TASK ITEM:
Working from the records below, return word for word the line that contains "ABD'nin işgal altındaki" and each line after it, ending with the last. Skip all pictures.

MATERIAL SUPPLIED:
☆ ☆ ☆ ☆

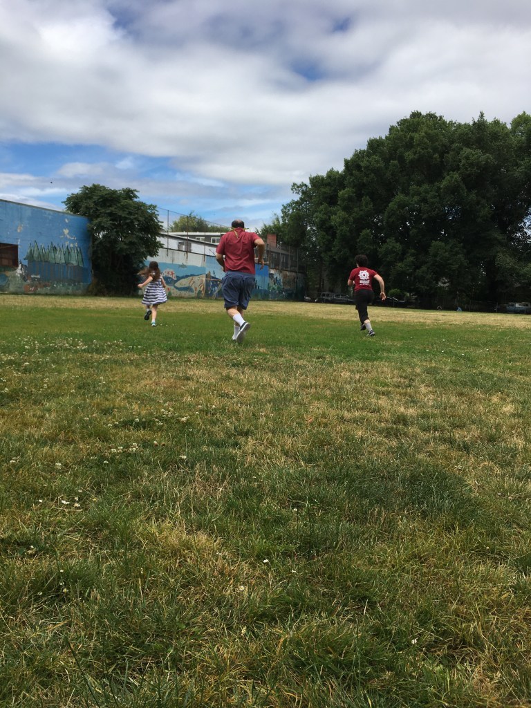 This past Friday, we packed peanuts and half a bottle of wine, bottles of water, and some picnic utensils into a bag and walked down to Sea Sweets, a poke place on Hawthorne. Auntie Bridgett and I got poke bowls, filled with spicy raw salmon, brown rice, seaweed salad, kimchi corn, and pickled ginger. We also got an ice cold ginger beer for Grandpa Nelson, because it was really hot.
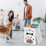 【CONVENIENT STORAGE AND SPACIOUS ACCESS】This dog toy basket is large enough to store a variety of pet supplies such as toys, snacks, treats, leashes, etc. And is designed with a lid on the top to prevent dust from entering and keep the stored items clean. The bottom of our dog toy box is designed with the hollow shape of your pet’s paw, your favorite pet can easily pull out the toys they want from the bottom.
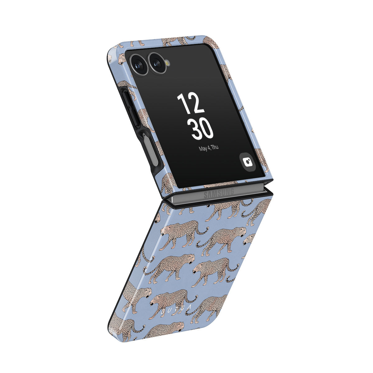 Be wild and free with our Tourist Trap Samsung Galaxy Z Flip 7 phone case. The tiger print in a pastel blue background has a chic feel of an actual designer item. Add some edge to your style and also protect your phone from any sharp edges at the same time.
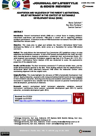 Adaptation and validation of the parent’s motivational belief instrument in the context of Sustainable Development Goals (SDGs).
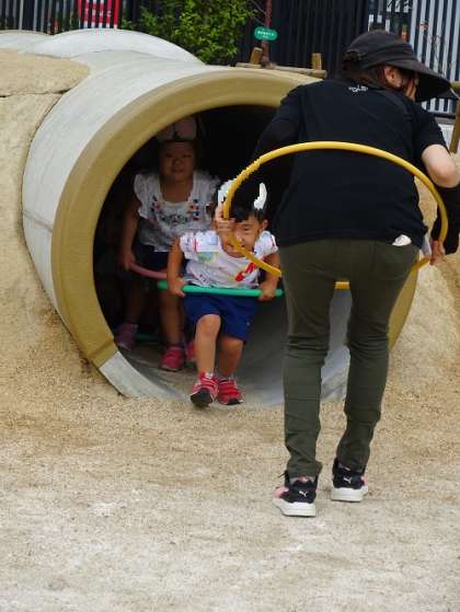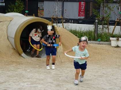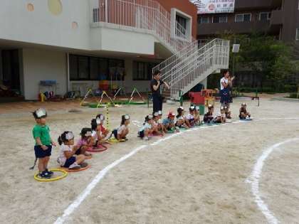園庭を思いっきり走って、バトンをつなぐかっこいい姿を見て応援しています。
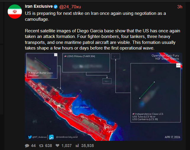 Prev: >>533386120Day: 11 of the 14-day ceasefire™ periodDay: 49 of the 1 day Special Military Operation to Decapitate Iran™Trump War Tantrum / Cope Counter: 30+ https://litter.catbox.moe/f0hmqh.txt▶RECENT:>NOTHING CHANGED. STRAIT IS CLOSED.>FRIDAY TruthSocial PUMPnDUMP. Contradictions GALORE.>Trumps statements are not confirmed by the opposing parties, both Israelis and Iranians.>A new round of US–Iran talks is expected to take place in Islamabad, Pakistan, on Monday, APR 20th, according to CNN, citing Iranian officials.>Israelis are not happy about the rumors of peace and started complaining again.>Intense Israeli artillery shelling of Khiam, Debbine and southeast Lebanon, less than 30 minutes into the ceasefire.>Lebanon ceasefire went into effect, APR 16th 21:00 UTC.>US & Iran ceasefire is set to expire on April 22.▶WARNING:>Do not trust any "happenings" without link/proof>Uкraine / Яussia discussions belong in uнg or cнug▶Thread Theme:https://www.youtube.com/watch?v=mgxRfGCPV6g▶Oil:>https://oilprice.com/oil-price-charts/▶Kino:https://files.catbox.moe/dqr3fl.mp4https://files.catbox.moe/jg9rat.mp4https://files.catbox.moe/fx86zj.mp4https://files.catbox.moe/cbd7ug.mp4https://files.catbox.moe/2hwzcx.mp4https://files.catbox.moe/smmsfw.mp4https://files.catbox.moe/x0fbgv.mp4https://files.catbox.moe/20lpu8.mp4https://files.catbox.moe/86yxn2.mp4▶Live-streams:https://www.youtube.com/watch?v=4E-iFtUM2kkhttps://www.youtube.com/watch?v=TdcrT5OcS9chttps://www.youtube.com/watch?v=53G-Oy4r6M4▶Hormuz Strait Traffic:https://hormuztracking.com/▶Telegram Channelshttps://rentry.org/tgnews▶Israel Rocket Alertshttps://www.tzevaadom.co.il/en/▶Air Traffichttps://www.flightradar24.com/https://flightaware.com/livehttps://globe.adsbexchange.com/▶Maritime Traffichttps://www.marinetraffic.com/https://www.vesselfinder.com/
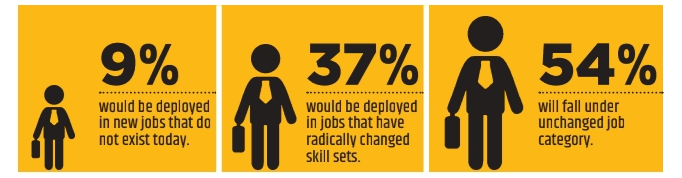 - 37% would be deployed in jobs that have radically changed skill sets.
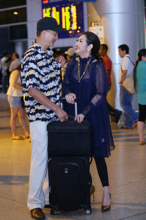 "Những lần chồng tranh thủ bay về VN thăm vợ thường đi taxi về khách sạn vì Ý Lan bận lịch diễn. Tranh thủ lần này, vừa quay hình chuẩn bị cho liveshow của mình xong, Ý Lan tức tốc ra sân bay đón chồng.
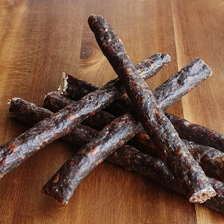 호주산 소 어깨살을 하룻밤 마리네이드한 후 갈아서 양 케이싱에 넣었습니다. 안전상의 이유로 드뢰워스에는 질산염을 첨가해요.
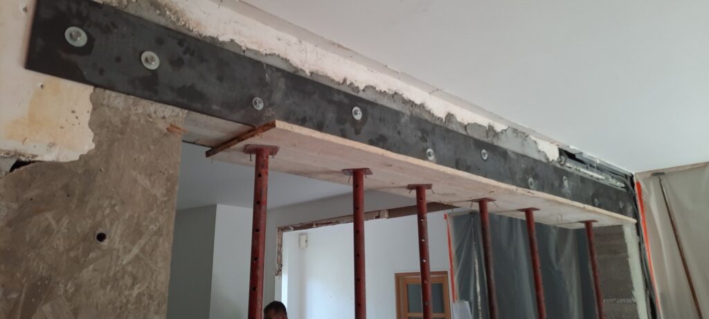 Création d’une ouverture avec renforcement du mur porteur, reconstruction et rénovation.
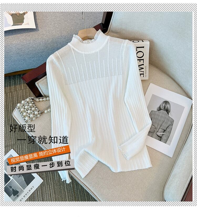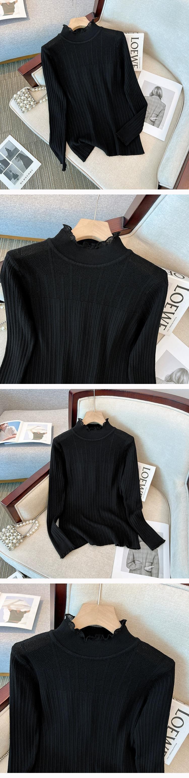 プラスサイズの秋の新無地ハーフタートルネックニットレースボトリングシャツ脂肪MMフランスの気質スリム長袖トップ ロング 大きめサイズ オータム 秋物 ソリッドカラー 8884154890372560
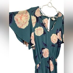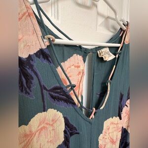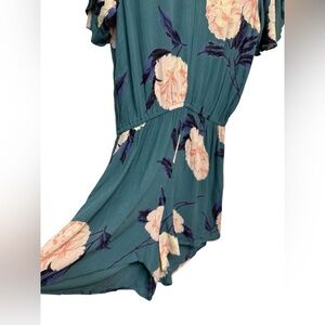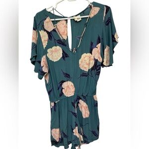 Billabong Strap Up Green Floral Short Romper. Size medium.
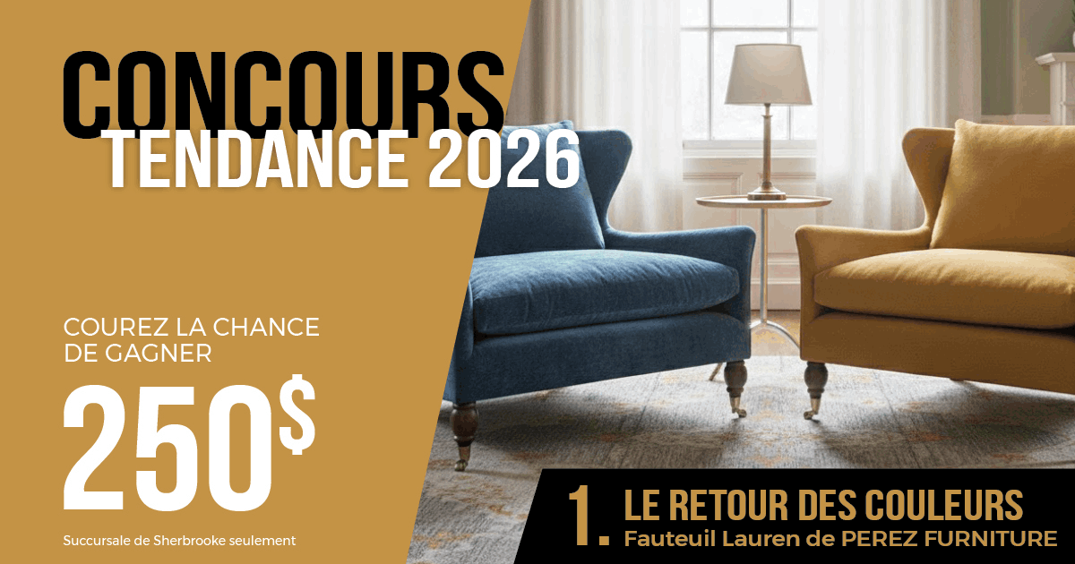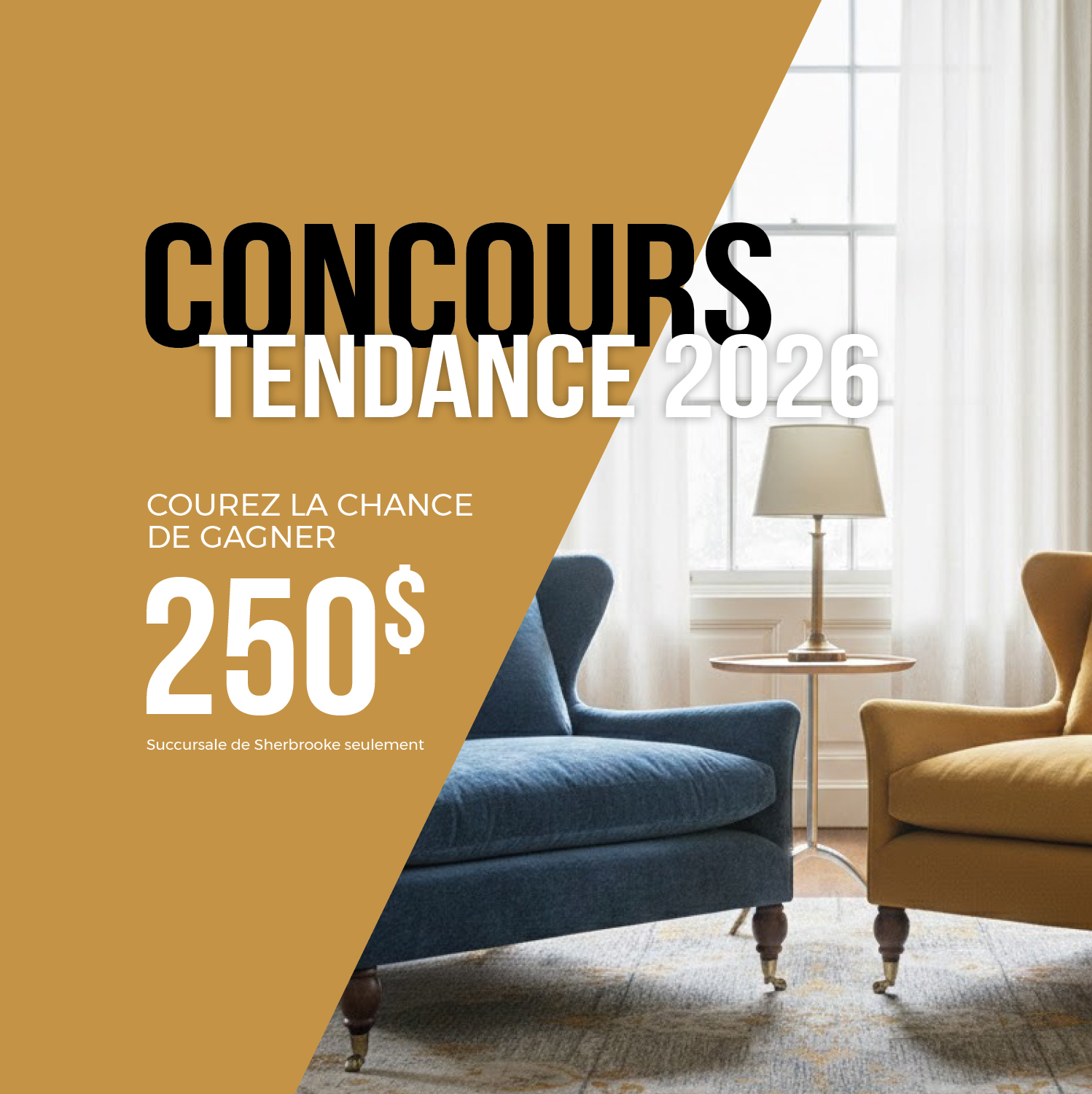 Le concours « Tendance 2026 » commence le 1er mars 2026 et se termine le 31 mars 2026 à minuit, heure de l’Est. Le concours est organisé par l’entreprise Mobilier NorSud, située au 3025, rue King Ouest, à Sherbrooke. À gagner : 1 chèque-cadeau de 250 $.
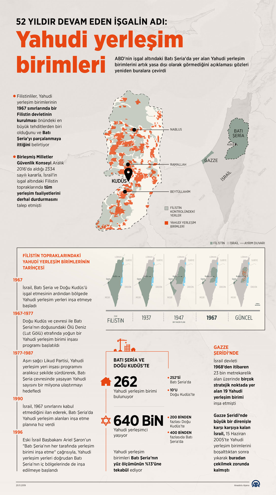 ABD'nin işgal altındaki Batı Şeria'da yer alan Yahudi yerleşim birimlerini artık yasa dışı olarak görmediğini açıklaması gözleri yeniden bu bölgelere çevirdi. ( Yasin Demirci - Anadolu Ajansı )
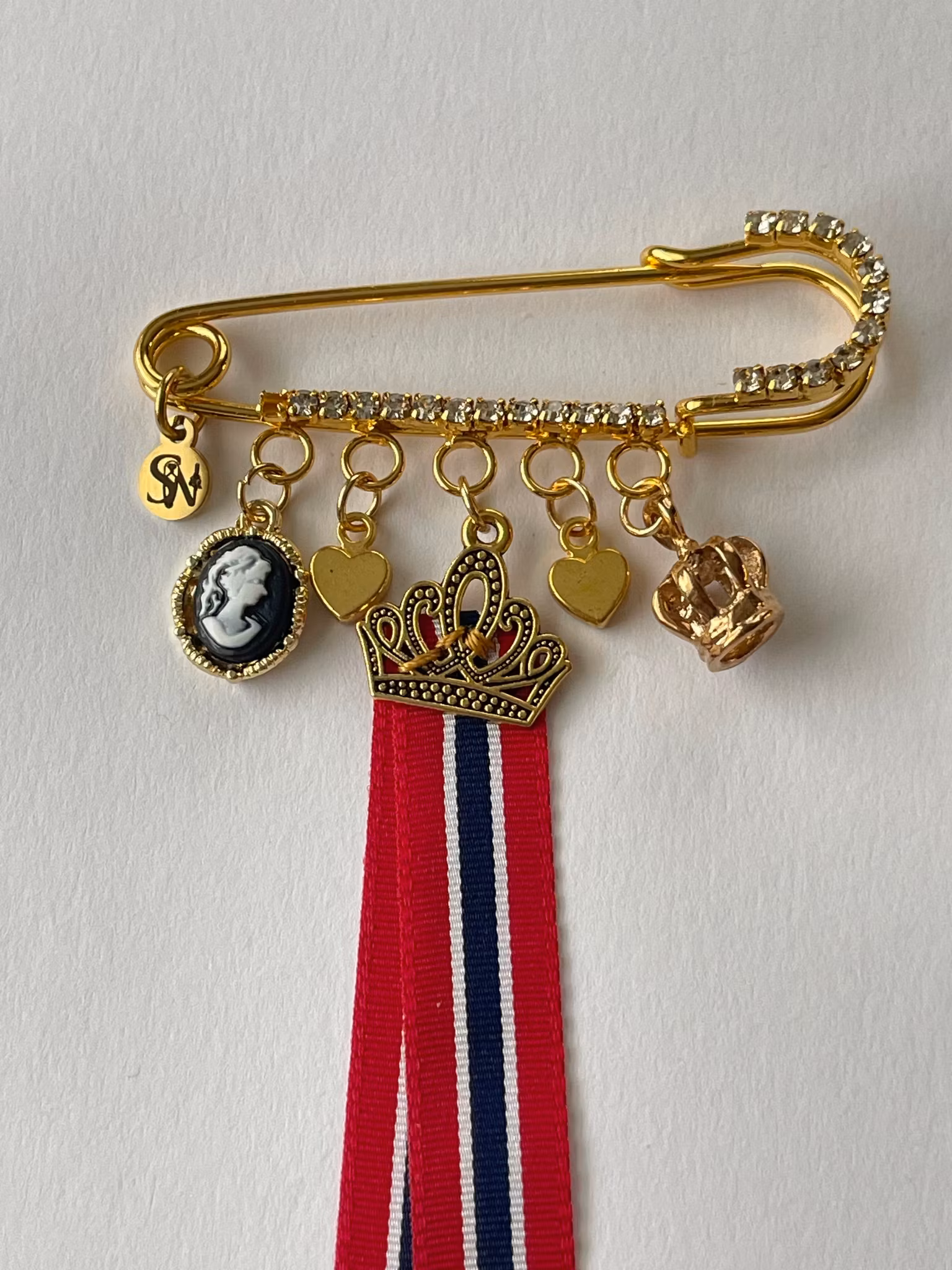 🇳🇴Gullforgylte 17.mai-nåler med krystaller og anheng. Sløyfene er av beste kvalitet, og sydd på filigransanheng for hånd 🧵 🪡👌🏻
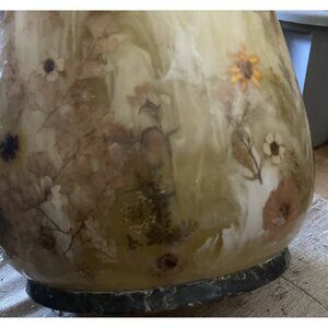 Vtg MCM Lucite Acrylic Honey Swirl Real Pressed Flowers Waste Basket Vase 10.5"
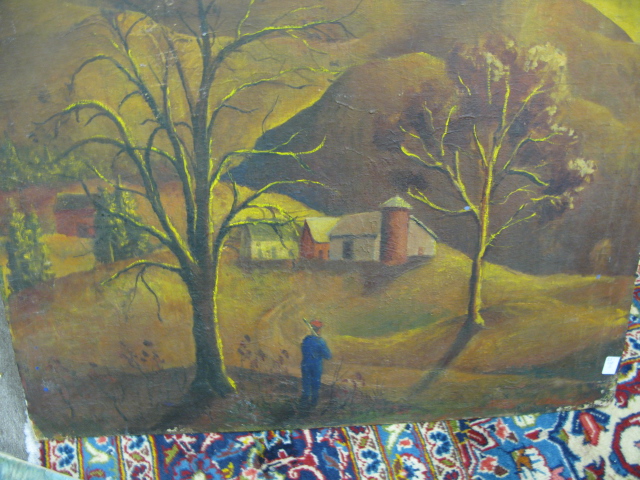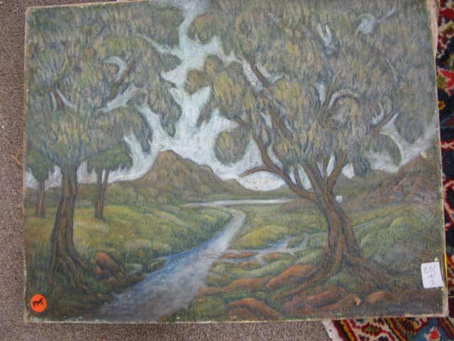 3 piece lot, oil on canvas of a landscape with brook & trees signed S. Jurtis, 2 paintings, one on canvas, one on board

☆ ☆ ☆ ☆

EXPECTED ANSWER:
 ABD'nin işgal altındaki Batı Şeria'da yer alan Yahudi yerleşim birimlerini artık yasa dışı olarak görmediğini açıklaması gözleri yeniden bu bölgelere çevirdi. ( Yasin Demirci - Anadolu Ajansı )
 🇳🇴Gullforgylte 17.mai-nåler med krystaller og anheng. Sløyfene er av beste kvalitet, og sydd på filigransanheng for hånd 🧵 🪡👌🏻
 Vtg MCM Lucite Acrylic Honey Swirl Real Pressed Flowers Waste Basket Vase 10.5"
 3 piece lot, oil on canvas of a landscape with brook & trees signed S. Jurtis, 2 paintings, one on canvas, one on board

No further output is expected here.